My ds2 year 3 teacher is one of the best teachers in the whole school.

PastSellByDate Thu 07-Mar-13 10:48:39

Hi littlemissnormal:

I'm not sure whether Y3 is a dumping ground for weak teachers or not. Technically it's quite a critical year, as it is the transition to Key Stage 2 and often the demands on children and the level of work start to increase. I think the reality is there will always be a year in primary school which is weaker than the rest and in your situation you can predict Y3 is likely to be that year.

So the questions I would be asking yourself are this:

Is this teacher otherwise reasonable and the children like her?

Does this teacher bring other strengths (brilliant at art/ drama but rubbish at maths/ science)?

Is there something you can do at home to help ensure reading, writing and arithematic continue to progress? (workbooks as learnandsay suggests) perhaps or potentially signing up for on-line support in maths (which we've used to great success - there's lots mathletics, maths whizz & we use mathsfactor - just google them).

I understand your worry and I suspect you may well be in an area where at the beginning of Y6 there will be entrance exams which can be very competitive, so you're feeling the pressure - but it is possible to have dire teachers and low standards (and trust me we have dire teachers & results at our school), and still get your kids through.

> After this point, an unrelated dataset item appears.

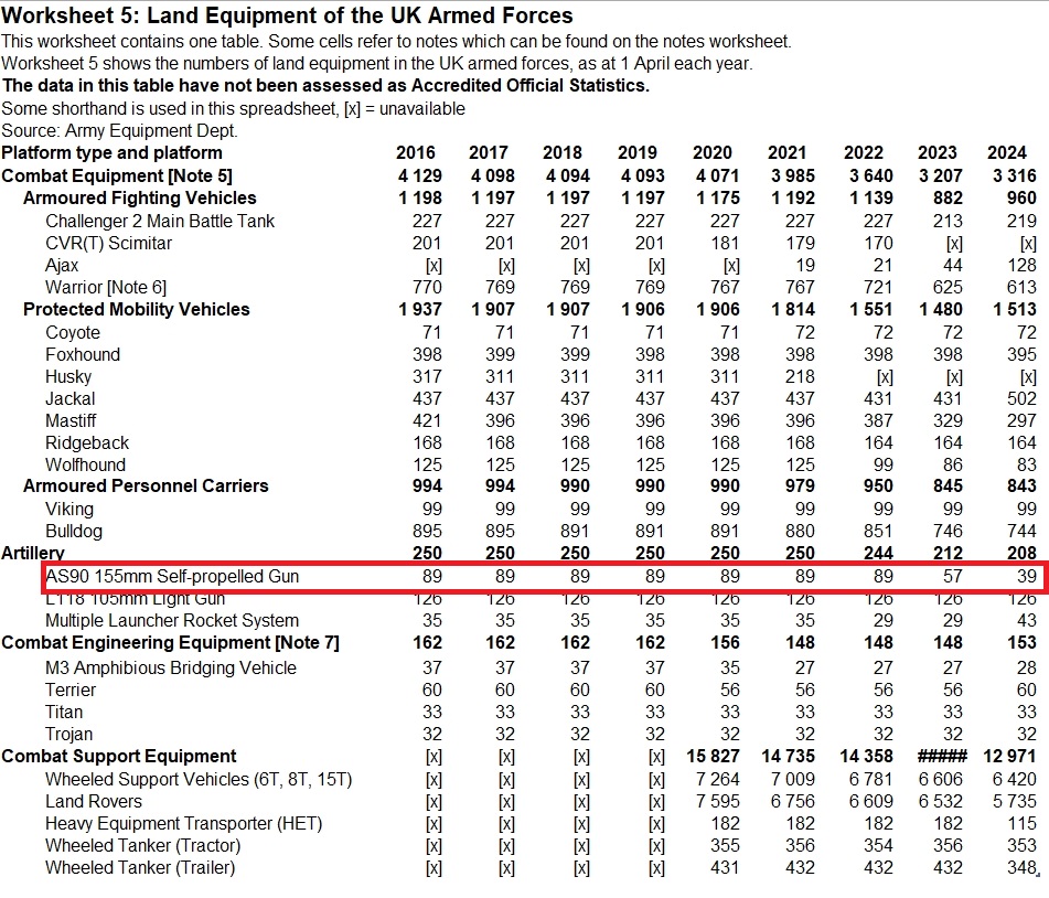 Згідно з даними Міноборони Великої Британії щодо кількості техніки на балансі, у 2023 році систем AS-90 було 57 одиниць. У лютому 2024 року їхня кількість зменшилася до 39 систем, адже інші екземпляри передали Україні.
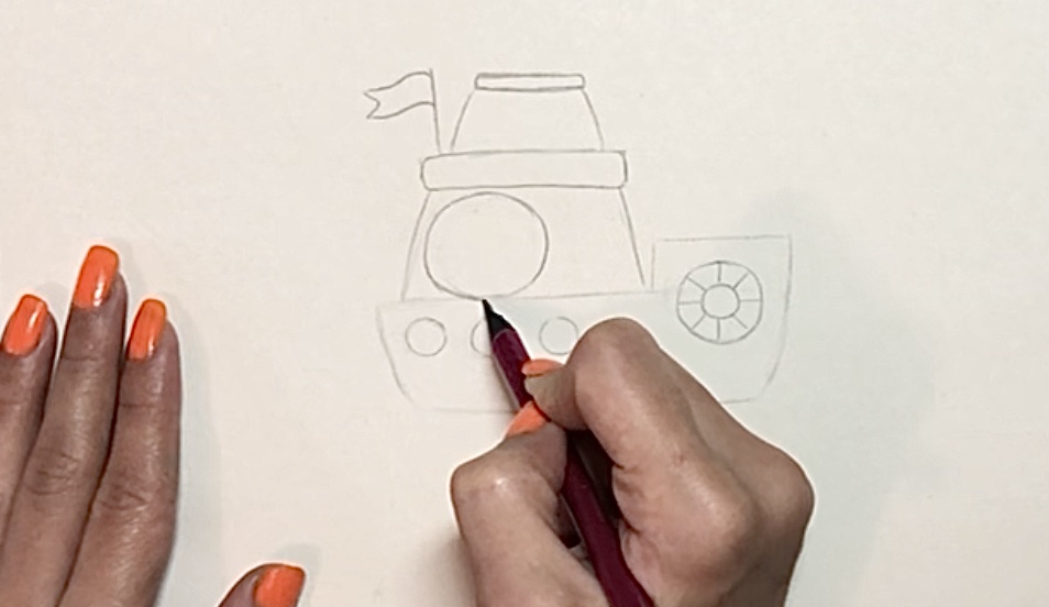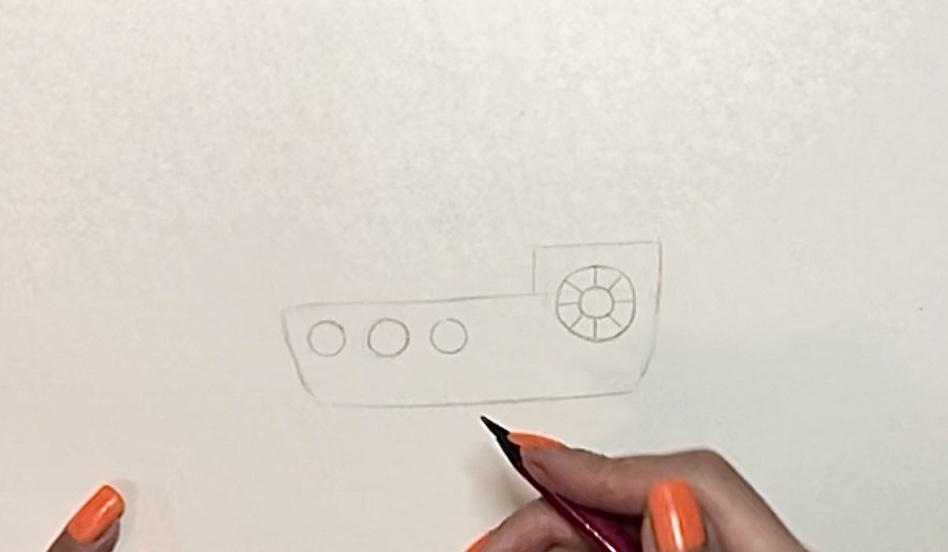 برای کشیدن این نقاشی ابتدا کشتی را می کشیم. اول یک شکل گلدان مانند پهن می کشیم. سپس یک مشتطیل در بالا گوشه راست می کشیم. حالا به وسیله سه دایره پنجره های کشتی را رسم می کنیم. برای کشیدن تیوپ نجات هم دو دایره یکی بزرگ و یکی کوچک درون هم می کشیم. سپس درون آن را با یک ضربدر و به علاوه تقسیم می کنیم.

If in general your feeling is that the teachers your DC will have post Y3 have a good or even fantastic reputation and if otherwise you are happy with the school and your child is happy socially, then it may be worth monitoring the situation in Y3 closely and trying to ensure you do a bit extra with your DC whilst they are in Y3 to help keep the ball rolling.

The important thing is to ensure that interest in learning and doing work is maintained, and that isn't just down to the school.


PastSellByDate Thu 07-Mar-13 10:56:46

sorry should be arithmetic - have poorly DD1 home today and have little or no sleep.